* [Task directions] Look below for the line that contains "더 많은 댓글 만나기!", then quote it and all the lines after it, exactly, with the pictures left out.

━━ Available data ━━

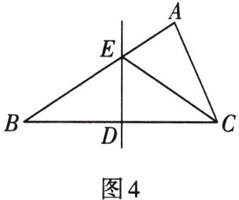2. 如图4,在△ABC中,BC边上的垂直平分线DE交BC于点D,交AB于点E. 若△ACE的周长为21,AB= 13,则线段AC的长为
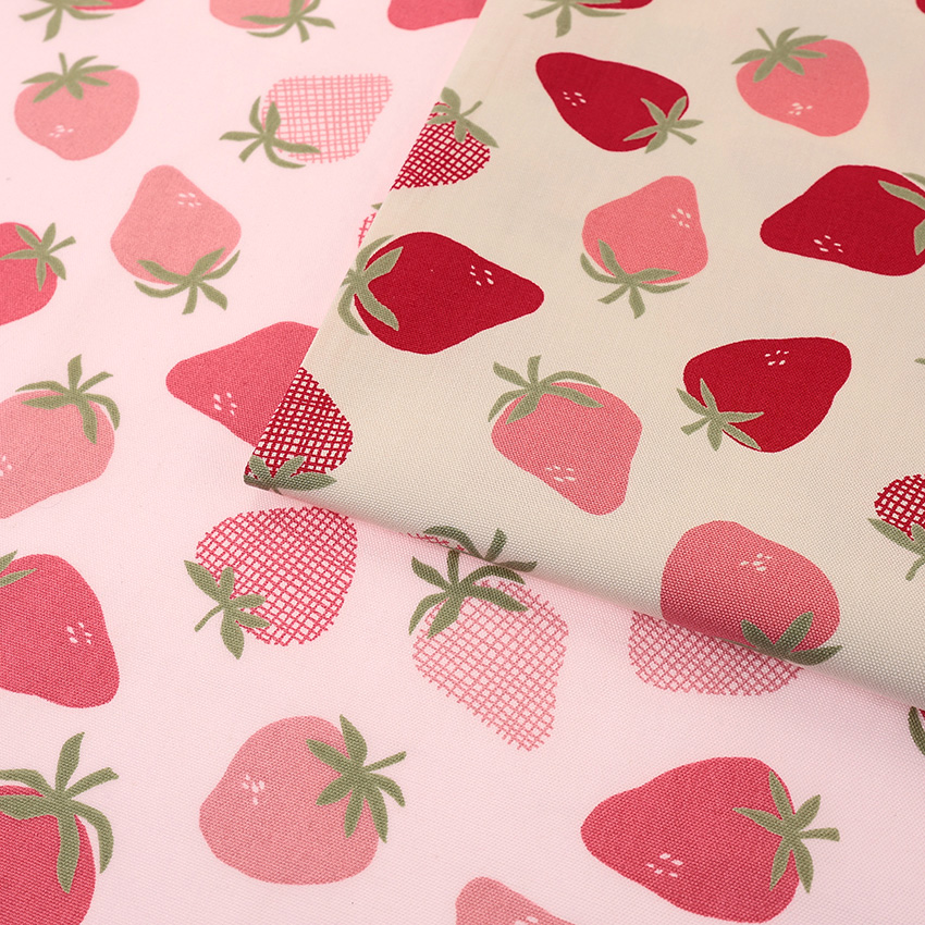 LE DEPART いちご柄 オックス 50cm単位 | 切売り 切り売り 生地 布 布地 コットン100% かわいい 苺 イチゴ
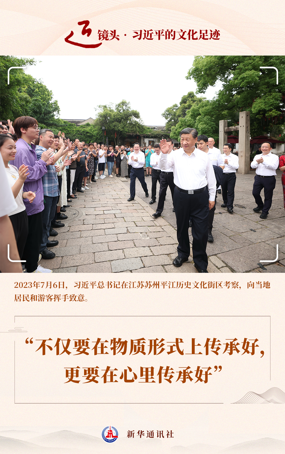 這次考察中,總書(shū)記深情囑托:“平江歷史文化街區(qū)是傳承弘揚(yáng)中華優(yōu)秀傳統(tǒng)文化、加強(qiáng)社會(huì)主義精神文明建設(shè)的寶貴財(cái)富,要保護(hù)好、挖掘好、運(yùn)用好,不僅要在物質(zhì)形式上傳承好,更要在心里傳承好?!?/p>
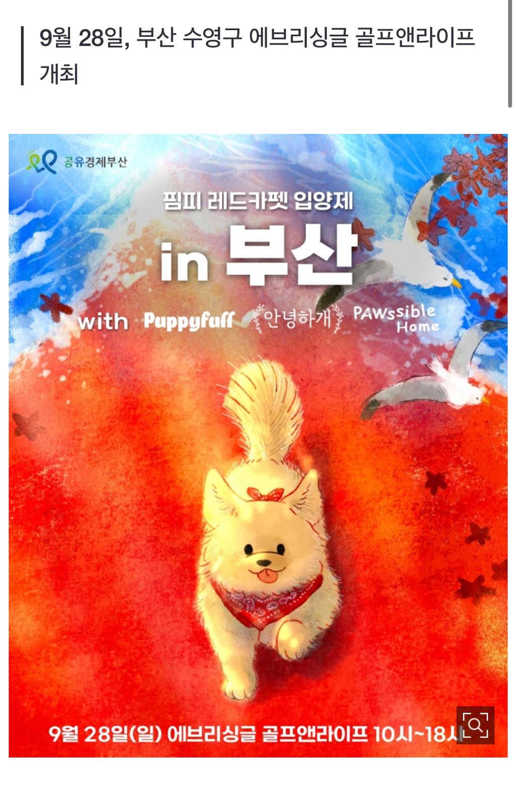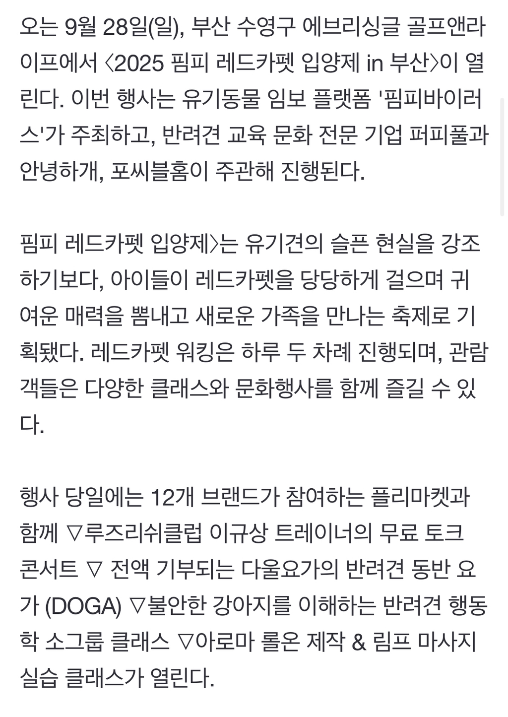 *여성시대* 차분한 20대들의 알흠다운 공간 [스크랩] [흥미돋]"레드카펫 위 주인공은 유기견"…부산 '핌피 레드카펫 입양제' 작성시간25.09.21|조회수3,277 목록 댓글 2 글자크기 작게가 글자크기 크게가 출처: https://n.news.naver.com/mnews/article/215/0001223813"레드카펫 위 주인공은 유기견"…부산 '핌피 레드카펫 입양제'오는 9월 28일(일), 부산 수영구 에브리싱글 골프앤라이프에서 〈2025 핌피 레드카펫 입양제 in 부산〉이 열린다. 이번 행사는 유기동물 임보 플랫폼 '핌피바이러스'가 주최하고, 반려견 교육 문화 n.news.naver.com레드카펫 걸을 구조견 임보견들,응원해줄 사람들 모두 모집한대🐶🎈부산 강쥐들 달려가자! 다음검색 스크랩 원문 : *여성시대* 차분한 20대들의 알흠다운 공간 현재 게시글 추가 기능 열기 북마크 공유하기 신고 센터로 신고 댓글 2 댓글 리스트 작성시간 25.09.21 ㅠㅠㅠ꼭좋은가족들 만났으면 ㅜㅜㅜ 작성시간 25.09.21 좋은가족만나길❤️💚 카페 방문해 더 많은 댓글 만나기!
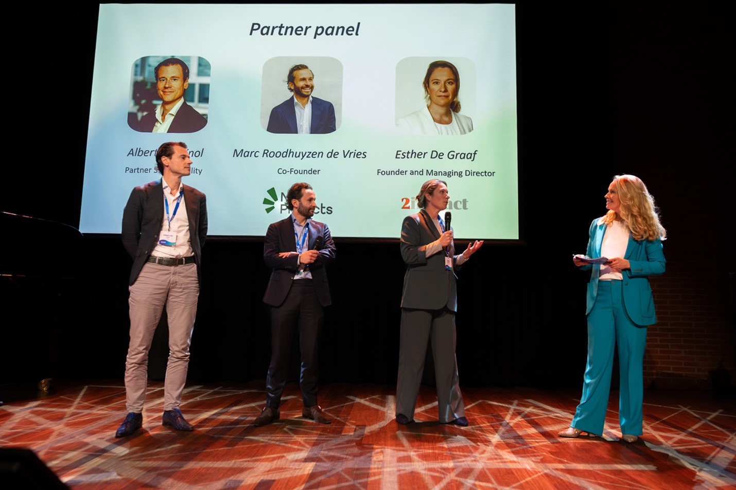Onze partners vertelden hoe het is om met Salacia samen te werken: persoonlijk, duidelijk, hands-on, maar bovenal gefocust op kwaliteit. Tijdens het partnerpanel benadrukten Esther de Graaf (2impact), Albert-Jan Knol (BDO) en Marc Roodhuyzen de Vries (Nexio Projects) hoe cruciaal samenwerking is om duurzaamheid écht te verankeren.
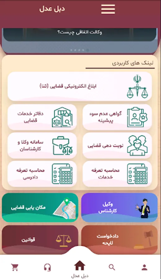 Solving legal needs, including judicial electronic notification, petitions, bills and complaints, declarations, legal news, choosing a lawyer and official judicial expert, judicial locator, including judicial electronic service offices, prisons, courts, all judicial centers, etc. .

━━━

* [Response to the task]
 *여성시대* 차분한 20대들의 알흠다운 공간 [스크랩] [흥미돋]"레드카펫 위 주인공은 유기견"…부산 '핌피 레드카펫 입양제' 작성시간25.09.21|조회수3,277 목록 댓글 2 글자크기 작게가 글자크기 크게가 출처: https://n.news.naver.com/mnews/article/215/0001223813"레드카펫 위 주인공은 유기견"…부산 '핌피 레드카펫 입양제'오는 9월 28일(일), 부산 수영구 에브리싱글 골프앤라이프에서 〈2025 핌피 레드카펫 입양제 in 부산〉이 열린다. 이번 행사는 유기동물 임보 플랫폼 '핌피바이러스'가 주최하고, 반려견 교육 문화 n.news.naver.com레드카펫 걸을 구조견 임보견들,응원해줄 사람들 모두 모집한대🐶🎈부산 강쥐들 달려가자! 다음검색 스크랩 원문 : *여성시대* 차분한 20대들의 알흠다운 공간 현재 게시글 추가 기능 열기 북마크 공유하기 신고 센터로 신고 댓글 2 댓글 리스트 작성시간 25.09.21 ㅠㅠㅠ꼭좋은가족들 만났으면 ㅜㅜㅜ 작성시간 25.09.21 좋은가족만나길❤️💚 카페 방문해 더 많은 댓글 만나기!
Onze partners vertelden hoe het is om met Salacia samen te werken: persoonlijk, duidelijk, hands-on, maar bovenal gefocust op kwaliteit. Tijdens het partnerpanel benadrukten Esther de Graaf (2impact), Albert-Jan Knol (BDO) en Marc Roodhuyzen de Vries (Nexio Projects) hoe cruciaal samenwerking is om duurzaamheid écht te verankeren.
 Solving legal needs, including judicial electronic notification, petitions, bills and complaints, declarations, legal news, choosing a lawyer and official judicial expert, judicial locator, including judicial electronic service offices, prisons, courts, all judicial centers, etc. .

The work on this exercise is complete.